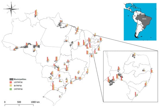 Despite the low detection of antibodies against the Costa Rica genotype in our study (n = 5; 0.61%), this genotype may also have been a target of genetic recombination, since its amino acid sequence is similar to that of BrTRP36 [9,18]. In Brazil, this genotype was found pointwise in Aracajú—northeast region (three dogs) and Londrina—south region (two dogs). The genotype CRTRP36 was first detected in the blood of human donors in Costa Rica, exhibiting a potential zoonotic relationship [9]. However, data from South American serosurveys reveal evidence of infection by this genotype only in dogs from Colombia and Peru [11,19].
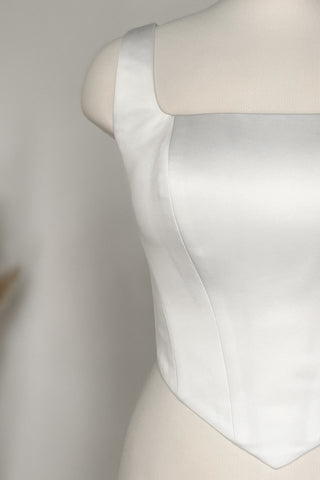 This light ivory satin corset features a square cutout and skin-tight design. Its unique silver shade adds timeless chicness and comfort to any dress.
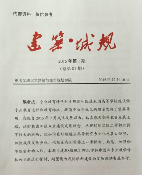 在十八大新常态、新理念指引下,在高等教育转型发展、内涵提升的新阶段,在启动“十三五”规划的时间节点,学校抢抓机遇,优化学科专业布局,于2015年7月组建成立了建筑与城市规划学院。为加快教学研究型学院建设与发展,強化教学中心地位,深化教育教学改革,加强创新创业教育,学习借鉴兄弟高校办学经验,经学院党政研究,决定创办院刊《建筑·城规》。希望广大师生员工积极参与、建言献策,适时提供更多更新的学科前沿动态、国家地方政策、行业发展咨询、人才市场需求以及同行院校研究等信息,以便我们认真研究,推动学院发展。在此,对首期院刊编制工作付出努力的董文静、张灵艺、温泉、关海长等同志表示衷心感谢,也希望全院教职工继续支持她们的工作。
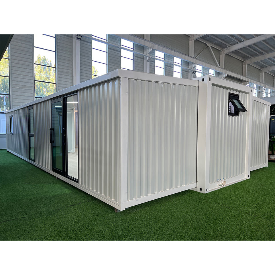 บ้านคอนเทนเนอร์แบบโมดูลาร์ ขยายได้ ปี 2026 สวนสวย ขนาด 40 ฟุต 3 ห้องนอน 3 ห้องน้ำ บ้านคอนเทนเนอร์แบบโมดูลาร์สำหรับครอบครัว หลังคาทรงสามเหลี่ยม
----
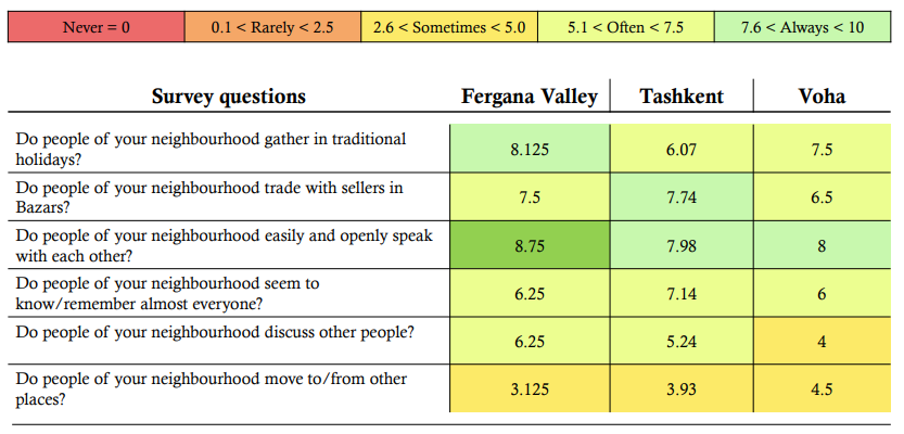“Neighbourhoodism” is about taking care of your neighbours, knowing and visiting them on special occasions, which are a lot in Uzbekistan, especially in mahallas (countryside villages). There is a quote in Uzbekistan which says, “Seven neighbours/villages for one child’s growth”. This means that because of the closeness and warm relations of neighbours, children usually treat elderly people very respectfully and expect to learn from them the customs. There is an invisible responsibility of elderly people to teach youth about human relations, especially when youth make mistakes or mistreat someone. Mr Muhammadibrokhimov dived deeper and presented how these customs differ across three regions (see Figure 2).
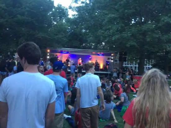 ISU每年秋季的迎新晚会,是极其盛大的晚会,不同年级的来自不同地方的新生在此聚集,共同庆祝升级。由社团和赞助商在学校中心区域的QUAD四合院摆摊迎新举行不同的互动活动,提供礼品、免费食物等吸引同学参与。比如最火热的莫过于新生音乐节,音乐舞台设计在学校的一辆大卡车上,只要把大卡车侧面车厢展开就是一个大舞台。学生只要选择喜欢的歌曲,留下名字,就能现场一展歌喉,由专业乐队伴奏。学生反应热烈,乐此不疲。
----
* [WHAT THE EXERCISE ASKS]:
Would you copy the lines above exactly, starting with the one that has "This light ivory" and ending with the one that has "บ้านคอนเทนเนอร์แบบโมดูลาร์ ขยายได้ ปี", both included, without the pictures?

* [ANSWER SECTION]:
 This light ivory satin corset features a square cutout and skin-tight design. Its unique silver shade adds timeless chicness and comfort to any dress.
 在十八大新常态、新理念指引下,在高等教育转型发展、内涵提升的新阶段,在启动“十三五”规划的时间节点,学校抢抓机遇,优化学科专业布局,于2015年7月组建成立了建筑与城市规划学院。为加快教学研究型学院建设与发展,強化教学中心地位,深化教育教学改革,加强创新创业教育,学习借鉴兄弟高校办学经验,经学院党政研究,决定创办院刊《建筑·城规》。希望广大师生员工积极参与、建言献策,适时提供更多更新的学科前沿动态、国家地方政策、行业发展咨询、人才市场需求以及同行院校研究等信息,以便我们认真研究,推动学院发展。在此,对首期院刊编制工作付出努力的董文静、张灵艺、温泉、关海长等同志表示衷心感谢,也希望全院教职工继续支持她们的工作。
 บ้านคอนเทนเนอร์แบบโมดูลาร์ ขยายได้ ปี 2026 สวนสวย ขนาด 40 ฟุต 3 ห้องนอน 3 ห้องน้ำ บ้านคอนเทนเนอร์แบบโมดูลาร์สำหรับครอบครัว หลังคาทรงสามเหลี่ยม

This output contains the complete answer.